• [EXERCISE INSTRUCTIONS]
Your answer should consist of each line below that includes the word "brings".

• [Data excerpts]
++++++++++

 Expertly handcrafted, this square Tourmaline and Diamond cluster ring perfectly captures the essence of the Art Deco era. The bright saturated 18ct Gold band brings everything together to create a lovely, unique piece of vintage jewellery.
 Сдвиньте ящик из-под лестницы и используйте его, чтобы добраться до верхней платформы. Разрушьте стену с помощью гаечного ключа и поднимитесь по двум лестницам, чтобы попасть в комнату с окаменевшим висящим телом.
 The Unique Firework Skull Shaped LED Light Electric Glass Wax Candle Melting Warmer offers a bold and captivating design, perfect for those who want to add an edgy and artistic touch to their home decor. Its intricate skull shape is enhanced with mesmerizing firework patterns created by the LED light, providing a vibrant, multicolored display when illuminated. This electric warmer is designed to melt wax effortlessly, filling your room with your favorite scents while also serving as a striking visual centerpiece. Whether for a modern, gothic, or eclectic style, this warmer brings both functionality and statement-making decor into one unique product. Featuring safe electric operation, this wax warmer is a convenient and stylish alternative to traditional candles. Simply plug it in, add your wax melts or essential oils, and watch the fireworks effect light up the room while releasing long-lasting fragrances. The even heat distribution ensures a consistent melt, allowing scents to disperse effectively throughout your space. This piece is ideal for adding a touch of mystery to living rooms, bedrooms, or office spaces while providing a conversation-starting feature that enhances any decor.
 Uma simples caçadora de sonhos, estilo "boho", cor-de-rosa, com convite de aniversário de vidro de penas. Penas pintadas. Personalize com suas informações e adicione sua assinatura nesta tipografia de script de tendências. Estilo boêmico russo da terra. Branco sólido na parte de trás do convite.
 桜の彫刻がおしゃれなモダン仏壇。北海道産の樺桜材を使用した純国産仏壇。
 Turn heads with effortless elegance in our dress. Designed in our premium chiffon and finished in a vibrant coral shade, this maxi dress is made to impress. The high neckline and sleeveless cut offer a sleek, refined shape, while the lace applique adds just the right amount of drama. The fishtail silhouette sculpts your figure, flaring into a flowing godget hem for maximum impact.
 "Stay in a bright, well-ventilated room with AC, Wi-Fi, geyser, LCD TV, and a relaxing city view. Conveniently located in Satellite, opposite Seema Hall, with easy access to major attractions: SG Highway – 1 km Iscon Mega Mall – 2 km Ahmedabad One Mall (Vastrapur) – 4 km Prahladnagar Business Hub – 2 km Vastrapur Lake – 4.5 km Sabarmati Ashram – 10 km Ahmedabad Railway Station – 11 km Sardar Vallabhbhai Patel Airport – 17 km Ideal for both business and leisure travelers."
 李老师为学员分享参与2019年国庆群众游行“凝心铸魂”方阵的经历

++++++++++

• [WRITTEN RESPONSE]
 Expertly handcrafted, this square Tourmaline and Diamond cluster ring perfectly captures the essence of the Art Deco era. The bright saturated 18ct Gold band brings everything together to create a lovely, unique piece of vintage jewellery.
 The Unique Firework Skull Shaped LED Light Electric Glass Wax Candle Melting Warmer offers a bold and captivating design, perfect for those who want to add an edgy and artistic touch to their home decor. Its intricate skull shape is enhanced with mesmerizing firework patterns created by the LED light, providing a vibrant, multicolored display when illuminated. This electric warmer is designed to melt wax effortlessly, filling your room with your favorite scents while also serving as a striking visual centerpiece. Whether for a modern, gothic, or eclectic style, this warmer brings both functionality and statement-making decor into one unique product. Featuring safe electric operation, this wax warmer is a convenient and stylish alternative to traditional candles. Simply plug it in, add your wax melts or essential oils, and watch the fireworks effect light up the room while releasing long-lasting fragrances. The even heat distribution ensures a consistent melt, allowing scents to disperse effectively throughout your space. This piece is ideal for adding a touch of mystery to living rooms, bedrooms, or office spaces while providing a conversation-starting feature that enhances any decor.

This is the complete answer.